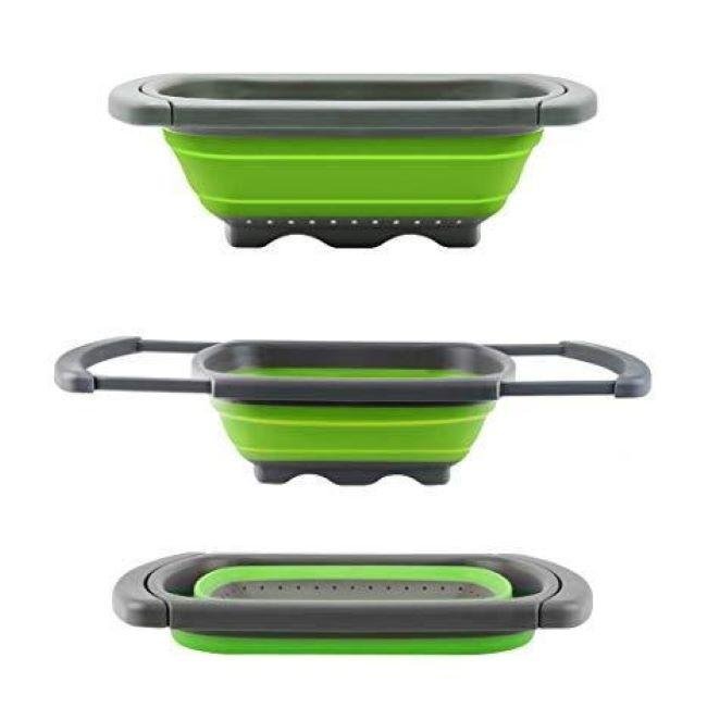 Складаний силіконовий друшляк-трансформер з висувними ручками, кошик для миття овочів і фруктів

---

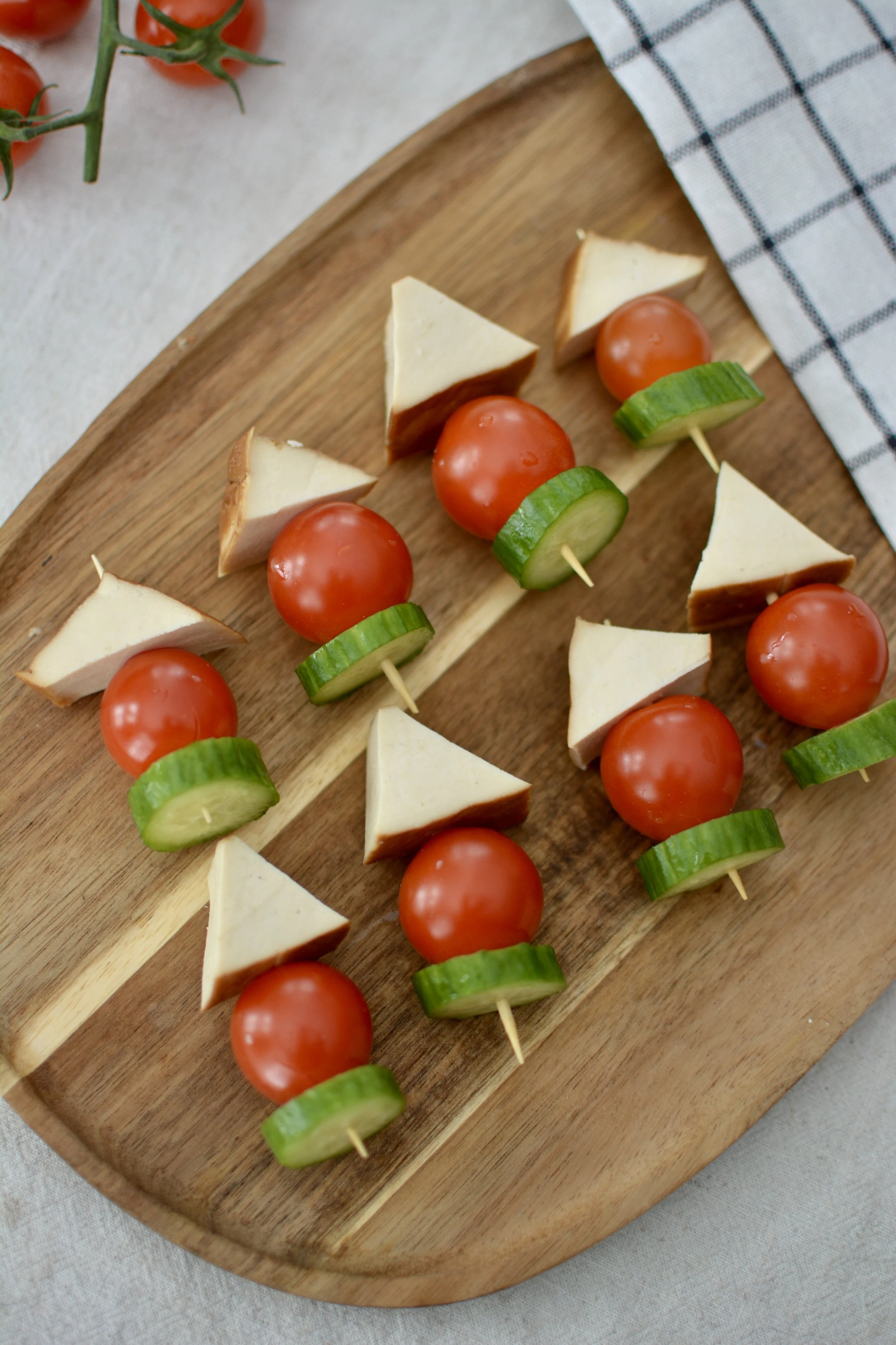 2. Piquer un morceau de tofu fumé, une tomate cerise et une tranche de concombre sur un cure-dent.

==

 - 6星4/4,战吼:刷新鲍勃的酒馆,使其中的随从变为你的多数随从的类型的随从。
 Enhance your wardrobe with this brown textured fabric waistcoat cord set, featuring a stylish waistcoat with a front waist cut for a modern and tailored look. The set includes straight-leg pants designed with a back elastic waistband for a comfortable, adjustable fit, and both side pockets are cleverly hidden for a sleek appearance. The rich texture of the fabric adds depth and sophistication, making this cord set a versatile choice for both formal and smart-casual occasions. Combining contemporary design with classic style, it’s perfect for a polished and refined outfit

PROBLEM REQUIREMENTS: The output should be exactly the lines above from the line containing "- 6星4/4,战吼:刷新鲍" to the line containing "Enhance your wardrobe", inclusive, with no other lines.

SOLUTION TO THIS PROBLEM:
 - 6星4/4,战吼:刷新鲍勃的酒馆,使其中的随从变为你的多数随从的类型的随从。
 Enhance your wardrobe with this brown textured fabric waistcoat cord set, featuring a stylish waistcoat with a front waist cut for a modern and tailored look. The set includes straight-leg pants designed with a back elastic waistband for a comfortable, adjustable fit, and both side pockets are cleverly hidden for a sleek appearance. The rich texture of the fabric adds depth and sophistication, making this cord set a versatile choice for both formal and smart-casual occasions. Combining contemporary design with classic style, it’s perfect for a polished and refined outfit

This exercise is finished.